- Born: July 21, 1971 (age 54)
- Education: Arlington High School University of Massachusetts Amherst (BA)
- Occupations: Executive Editor, CNN Politics; CNN Senior Political Analyst; Journalist
- Years active: 1997—present
- Employer: CNN
- Known for: CNN Senior Political Analyst (Jan. 2017—) Vice President of Political & Special Events Programming (2014—) CNN Political Director (2011—2014) CNN Political Editor (2005—2011) Congressional Correspondent, Roll Call (1999—2005)
- Spouse: Meredith Preston (née Ray Bonner) m. July 8, 2000
- Parents: Eugene Preston; Mary Preston;
- Website: Official webpage at CNN

= Mark Preston (political analyst) =

American journalist (born 1971)

Mark Preston (born July 21, 1971) is Vice President of Political & Special Events Programming at CNN, and a CNN Senior Political Analyst. His role is to oversee CNN’s election night coverage across its broadcasting and online platforms, organize CNN’s presidential debates and forums, and serve as CNN's main contact with political campaigns at both the state and national level, and to lead the conception and execution of CNN's political events.
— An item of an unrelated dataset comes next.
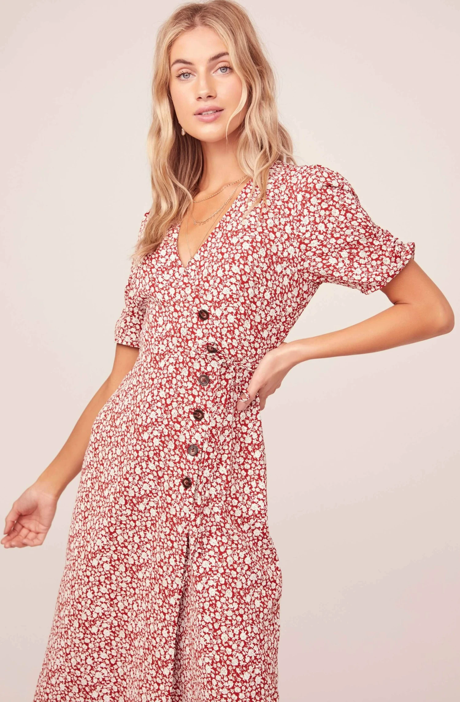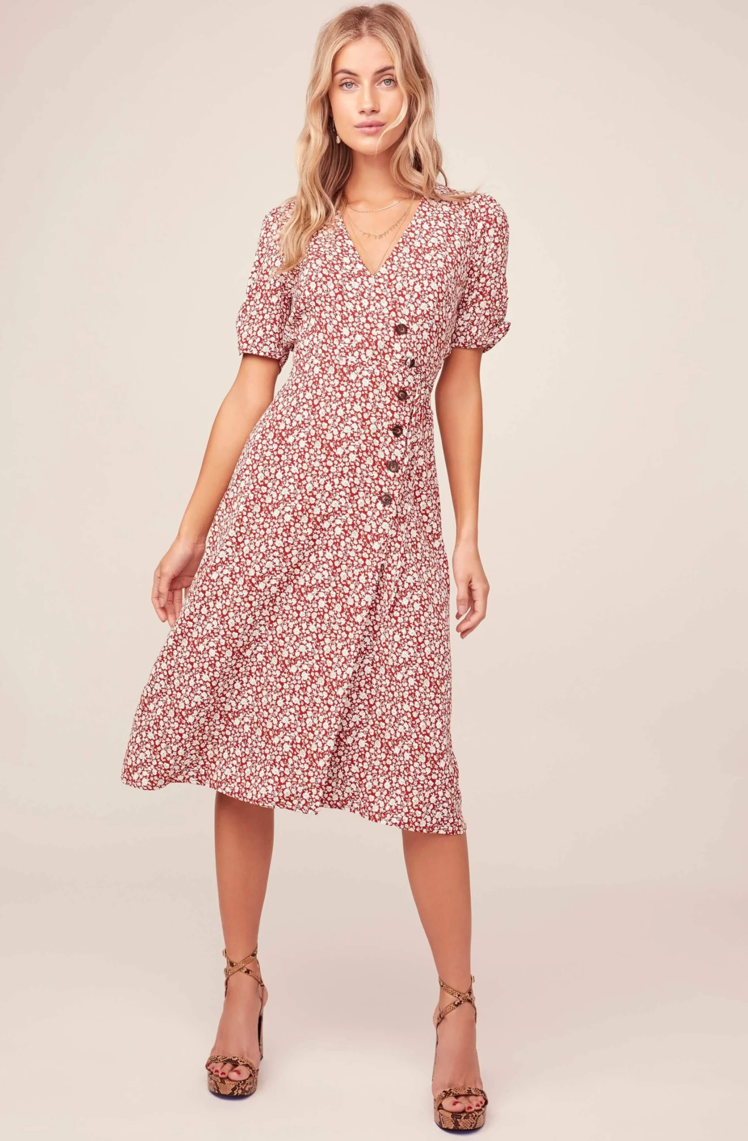 Inspired by chic Parisian style, this midi dress is a summer staple. Combining a ditzy floral print fabrication with delicate details, flattering V neckline and wrap front design accentuate the figure. Asymmetrical mock horn button placket descends to a relaxed maxi skirt. Short ruffle sleeves.

Preston also provides political analysis for CNN, CNN International and CNN.com, regularly appearing on CNN's major news analysis shows such as New Day, Erin Burnett OutFront, Anderson Cooper 360°, Cuomo Prime Time and CNN Tonight with Don Lemon, and was promoted to Senior Political Analyst in January 2017. He was formerly CNN's Political Director, a post subsequently taken by David Chalian in 2014.

==Early life==
Preston was born in July 1971 and is the son of Eugene Preston and Mary Preston.

==Education==
Preston was educated at Arlington High School, a public secondary school in the town of Arlington, Massachusetts, from which he graduated in 1990, followed by the University of Massachusetts Amherst, where he studied journalism and history. While there, he worked on the Massachusetts Daily Collegian and freelanced for the Associated Press. He also worked in the office of Senator Edward Kennedy.

==Life and career==
Preston started his career as a print journalist. He was a correspondent at States News Services, a wire service in Washington, D.C., and at the Marietta Daily Journal in Marietta, Georgia, during which he won several Georgia Press Association and Georgia Associated Press reporting awards.

Preston was a senior staff writer for the Capitol Hill newspaper Roll Call, during which he was a congressional correspondent revealing important policy and political decisions made behind closed doors. He appeared on many media outlets as a guest analyst, including CNN, C-SPAN, Fox News, ABC Radio, National Public Radio and Radio America, as well as local media outlets.

Early in his career, Preston saw the collapse of the newspaper industry and the rise of 24-hour news. He decided to leave print journalism to join CNN.

===Career at CNN===
Preston joined CNN in 2005 as political editor. He played a key role in the network’s election night coverage in 2006, which won an Emmy Award, and of CNN’s 2008 campaign coverage, which won a Peabody Award. In 2011, he became CNN’s Political Director. The network received another Emmy Award for its coverage in 2012. Preston's work contributed to CNN receiving Syracuse University’s i-3 Mirror Award for the YouTube presidential debates and an EPpy Award for Best News/Politics Blog. In 2014, he became Executive Editor of CNN Politics while retaining his work as an on-screen political analyst, appearing on a wide variety of CNN programs. In January 2017, he was promoted to CNN Senior Political Analyst.

===SiriusXM Satellite Radio===
Preston co-hosted with Chris Frates the weekly satellite radio program Politics Inside Out, on Sirius XM Satellite Radio's Channel 124, known as P.O.T.U.S. In July 2017, he left the program, which was retitled Politics Inside Out with Chris Frates, while Preston began single-hosting a new political program, Full Stop with Mark Preston.

==Personal life==
Preston married Meredith Ray Bonner on July 8, 2000, while a reporter at the Capitol Hill newspaper Roll Call, at the Holy Spirit Catholic Church in Atlanta, Georgia, the U.S. state in which they first met as reporters at the Marietta Daily Journal, in the city of Marietta. The couple spent their honeymoon in North Carolina.